Nathan Colt Young: Keepin' it Country

Nathan Colt Young, yes sir, that is his real name, not a stage name, created to appeal to the country and western crowd that he sings and plays for. This multi-talented performer comes by his country music sound naturally, as he was born and raised in the small ghost town of Delhi, Texas, which as the crow flies, is 35 miles southeast of Austin.

The Young family homeplace is just about as Texas country as you can get, a dozen or more miles to any settlement; trees, rolling hills, and pastures abound. The property is the site of an old cotton gin from the early 1900s, with some of the outbuildings still standing (barely). Pulling through the gate, into the yard of a shaded comfortable house, Nathan is standing beside his gently used pick-up truck wearing his boots, jeans, plaid shirt, and summer straw hat. After a firm handshake, he says to follow him up to a special spot where we can talk.

Driving up a single-lane dirt road, skirting the puddles and passing a /Y (Slash Y) brand-type sign, we climb a gentle hill and park under an elm tree. We are in front of an oblong tin building with chicken wire stretching, on both sides, the length between the roof and a three-foot tin wall creating a hilltop breezeway. It is a former commercial chicken house that Nathan has converted into a rustic “Man Cave.”

There are beer signs, music signs, concert posters (some with NCY on them), photos of Johnny Cash and other famed musicians. Some worn, yet comfortable furniture, stools, and tables make the perfect setting to interview this 29-year-old man on his love of music that harkens back to a time of sincere song presentation.

YOUNG NATHAN YOUNG

Doug and Diana Young are the parents of Nathan and Kayla Michelle (songwriter and author, who wrote her first children’s book Billy the Goat & Yis Barnyard Friends, illustrated by Nathan). Doug was a welder who traveled the world with his job and was exposed to many types of cultures other than the Texas oil patch. The widening possibilities for his children led to his belief that they should follow their dreams, and from his experiences in the rough and tumble oil patch, knew that Nathan should pursue something other than welding.

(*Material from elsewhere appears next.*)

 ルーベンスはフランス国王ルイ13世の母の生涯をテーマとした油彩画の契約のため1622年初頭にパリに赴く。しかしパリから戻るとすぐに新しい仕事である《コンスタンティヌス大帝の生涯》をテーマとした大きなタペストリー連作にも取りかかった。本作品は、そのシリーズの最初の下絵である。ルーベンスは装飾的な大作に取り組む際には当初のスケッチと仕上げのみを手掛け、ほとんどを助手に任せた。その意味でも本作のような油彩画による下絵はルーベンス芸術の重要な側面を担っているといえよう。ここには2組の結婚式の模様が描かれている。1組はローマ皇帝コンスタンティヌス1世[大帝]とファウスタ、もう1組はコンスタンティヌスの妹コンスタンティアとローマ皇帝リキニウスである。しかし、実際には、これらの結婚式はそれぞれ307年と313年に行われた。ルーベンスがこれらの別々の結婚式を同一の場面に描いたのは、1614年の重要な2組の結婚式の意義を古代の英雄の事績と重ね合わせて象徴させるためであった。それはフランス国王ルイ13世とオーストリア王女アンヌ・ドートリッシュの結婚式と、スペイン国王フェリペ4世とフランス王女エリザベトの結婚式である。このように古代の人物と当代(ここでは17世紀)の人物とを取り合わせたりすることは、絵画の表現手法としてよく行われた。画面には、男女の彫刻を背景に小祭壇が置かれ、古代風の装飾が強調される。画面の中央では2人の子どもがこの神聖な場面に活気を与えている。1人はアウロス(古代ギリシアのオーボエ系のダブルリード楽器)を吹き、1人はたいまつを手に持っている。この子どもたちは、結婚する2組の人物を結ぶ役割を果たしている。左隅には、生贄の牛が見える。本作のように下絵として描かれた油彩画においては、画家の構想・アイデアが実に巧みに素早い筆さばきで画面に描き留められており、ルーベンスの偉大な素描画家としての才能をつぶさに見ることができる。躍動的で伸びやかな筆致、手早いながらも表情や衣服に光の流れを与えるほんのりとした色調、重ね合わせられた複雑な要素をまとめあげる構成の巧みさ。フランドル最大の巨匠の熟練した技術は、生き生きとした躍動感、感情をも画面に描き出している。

Doug’s jobs took him away from home for extended periods of time. Once when he was home, he walked down the hall hearing a piano plunking out a tune. Nathan who was 8 or 9 years old, was playing what to his parents sounded like classical music. At the time they didn’t question where he learned but later came to find out how. Nathan was raised in the time of Dish television reruns and VCR tapes; among his favorite videos were the old school versions of cartoons featuring Bugs Bunny and Tom & Jerry. These were the originals which used symphonies performing classical music (Beethoven, Mozart, etc.) that the story was written around. Nathan would listen and reproduce the music on the piano. At the age of nine, he began taking lessons to accelerate his learning.

PURE COUNTRY

His family didn’t play music like some do, so the only music in the house was an old radio that stayed tuned to KKYX (Country Legends) out of San Antonio. Growing up he would listen intently and began mimicking the singers. Then he came across the movie Pure Country (starring George Strait) which had been released when Nathan was one year old. This movie proved to be the catalyst that made it clear to him that he wanted to be an entertainer but wasn’t sure what path to take to achieve it. After all he could sing, dance, act, draw and play multiple instruments.

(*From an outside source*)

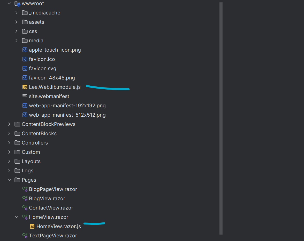 Now you have this script in your wwwroot, you now want to create an inline / isolated JS page for one of your Blazor pages or components. All you do is create a .JS file with the same name as the component, but end with .js. As you can see from the image, I have created it under my HomeView.razor (My home page) and created a file called HomeView.razor.js. Your IDE should nest or connect the files.
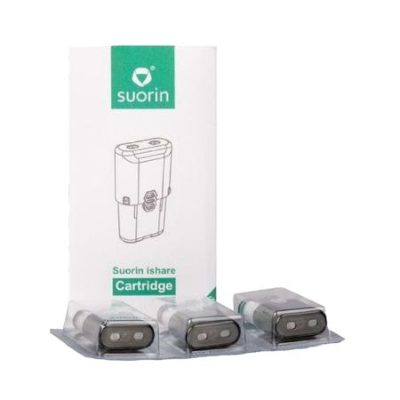 Suorin iShare - картридж ёмкостью 0,9 мл с проприетарным разъёмом, предназначенный для использования совместно с системой закрытого типа от компании Suorin. Картриджи в данной системе являются неразборными и испарительный элемент находится внутри них, поэтому когда испарительная часть приходит в негодность, необходимо заменить в устройстве весь картридж целиком. Перед первым запуском нового картриджа настоятельно рекомендуется заправить его жидкостью и оставить на несколько минут, чтобы фитиль пропитался жидкостью и не подгорел при первом запуске устройства. Картридж рассчитан на достаточно тугую затяжку и медленно расходует жидкость.

He found a pink guitar lying around the house (probably his sister's) and began attempting to play it. Having no teacher except himself, he made little progress. A neighbor later gave him a regular six-string guitar which is hanging on the wall in his music vault. So now we have a pre-teen young man who unknowingly is versed in classical music on the piano, and the country sounds of the 1990s.

Nathan also found out that he loved to draw, at first he started with a stick figure and then started putting meat on the stick, as he describes it. He now paints and sketches all manners of subjects.

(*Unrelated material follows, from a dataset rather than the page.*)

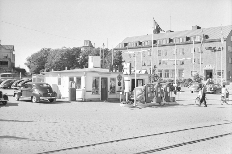 Text till bilden: "Bensinstationen Nynäs. Fotografering av sju bensinstationer i Lysekil. Beställare Svenska Gulf Oli Co. Södergatan 18 Uddevalla.

At church functions he demonstrated his singing and dancing skills which were admirable for such a young fellow. He often sang with the choir at the Delhi Baptist Church on Sundays when he was a young man. Junior and high school in Lockhart comes along and Nathan joins the marching and wind ensemble bands from the 6th grade to his senior year playing alto saxophone during marching band season and the baritone sax during wind ensemble.

The theatrical productions at the schools and a small theater in the Lockhart square called The Baker Theater got his attention and he participated in numerous plays and shows. His parents, seeing his interest in music and theatr, took him to New York City to see Broadway productions. In four years, Nathan saw over a dozen musicals and theatre productions.

During his high school years karaoke was on the rise and he began to sing at several venues in the area every Friday or Saturday night, learning stage craft and working on his voice. Today, one of his crowd pleasers is The Auctioneer Song, which he slipped into while being interviewed.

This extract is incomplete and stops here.